- _TASK ITEM_
Stop after the line that contains "手持式折射儀是為測(cè)量". Until then, retype each line of the entries exactly from the first one, skipping pictures.

- _DATASET RECORDS_
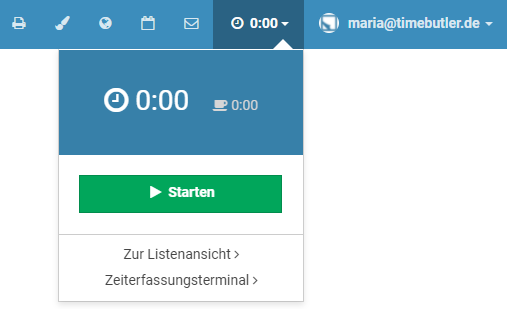 Sobald das Nutzerkonto gelöscht wurde, können Sie sich am Timebutler anmelden und ein neues Nutzerkonto mit der gewünschten Email-Adresse erstellen.
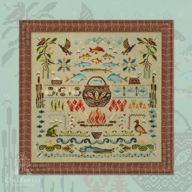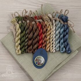 В наборе: основа равномерного переплетения Zweigart Belfast 32 ct (100% лён), хлопковое мулине DMC ручного окрашивания (12 цв.), цветная символьная схема, дополнительная цветная схема для вышивания фрагментами, игла для вышивания №26 Prym, магнитный держатель схемы и иглы.
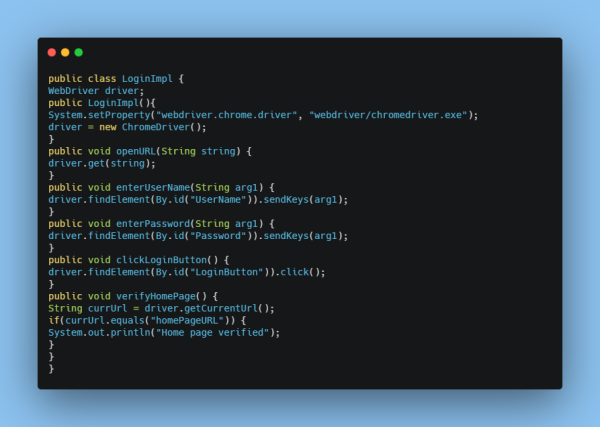 根据上述的场景,我们来讨论其中的登录验证功能,即:用户输入其登录凭据(如用户名和密码),然后单击登录按钮。其中,用于测试此功能的分步实施代码如下:
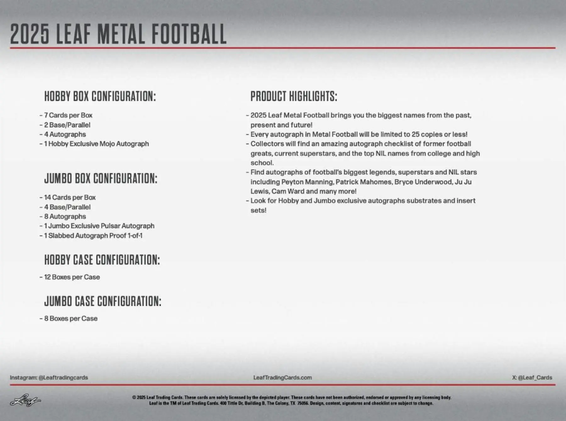 2025 Leaf Metal Football brings you the biggest names from the past, present and future!
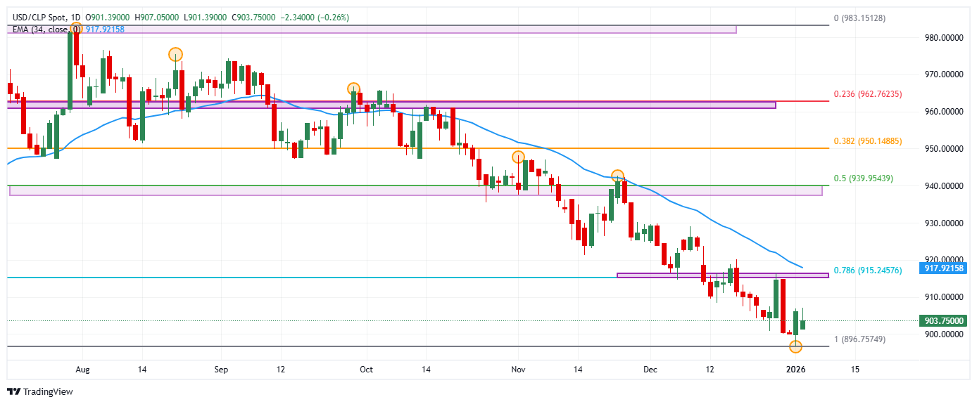 El USD/CLP reaccionó a la baja desde máximos del 30 de diciembre de 2025 en 907.05, donde encontró vendedores que llevaron la paridad a un mínimo diario en 901.39. Actualmente, el USD/CLP opera sobre 903.94, cayendo un 0.24% en el día.
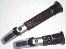手持式折射儀是為測(cè)量溶液的濃度或水溶性混合物的比例而設(shè)計(jì)的精密的光學(xué)儀器。簡(jiǎn)單易用,且價(jià)格優(yōu)惠。它是為測(cè)量多種溶液濃度而專門設(shè)計(jì)的,如:水果汁、飲料、蜂蜜 、鹽水、海水、清洗液、電池液、防凍液和工業(yè)溶液等.只要滴幾滴液體在棱鏡上,然后向著光觀察,就可以讀出溶液的濃度。如果標(biāo)有ATC的是增加了溫度自動(dòng)補(bǔ)償系統(tǒng)。
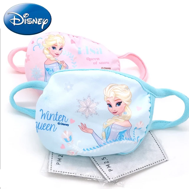 Disney 2PCS Kids Kawaii Anti Dust Mask Cotton Mouth Mask Cute Elsa Cartoon Anti Haze PM2.5 Breathable Mouth Face Princess Masks

- _RESPONSE AREA_
 Sobald das Nutzerkonto gelöscht wurde, können Sie sich am Timebutler anmelden und ein neues Nutzerkonto mit der gewünschten Email-Adresse erstellen.
 В наборе: основа равномерного переплетения Zweigart Belfast 32 ct (100% лён), хлопковое мулине DMC ручного окрашивания (12 цв.), цветная символьная схема, дополнительная цветная схема для вышивания фрагментами, игла для вышивания №26 Prym, магнитный держатель схемы и иглы.
 根据上述的场景,我们来讨论其中的登录验证功能,即:用户输入其登录凭据(如用户名和密码),然后单击登录按钮。其中,用于测试此功能的分步实施代码如下:
 2025 Leaf Metal Football brings you the biggest names from the past, present and future!
 El USD/CLP reaccionó a la baja desde máximos del 30 de diciembre de 2025 en 907.05, donde encontró vendedores que llevaron la paridad a un mínimo diario en 901.39. Actualmente, el USD/CLP opera sobre 903.94, cayendo un 0.24% en el día.
手持式折射儀是為測(cè)量溶液的濃度或水溶性混合物的比例而設(shè)計(jì)的精密的光學(xué)儀器。簡(jiǎn)單易用,且價(jià)格優(yōu)惠。它是為測(cè)量多種溶液濃度而專門設(shè)計(jì)的,如:水果汁、飲料、蜂蜜 、鹽水、海水、清洗液、電池液、防凍液和工業(yè)溶液等.只要滴幾滴液體在棱鏡上,然后向著光觀察,就可以讀出溶液的濃度。如果標(biāo)有ATC的是增加了溫度自動(dòng)補(bǔ)償系統(tǒng)。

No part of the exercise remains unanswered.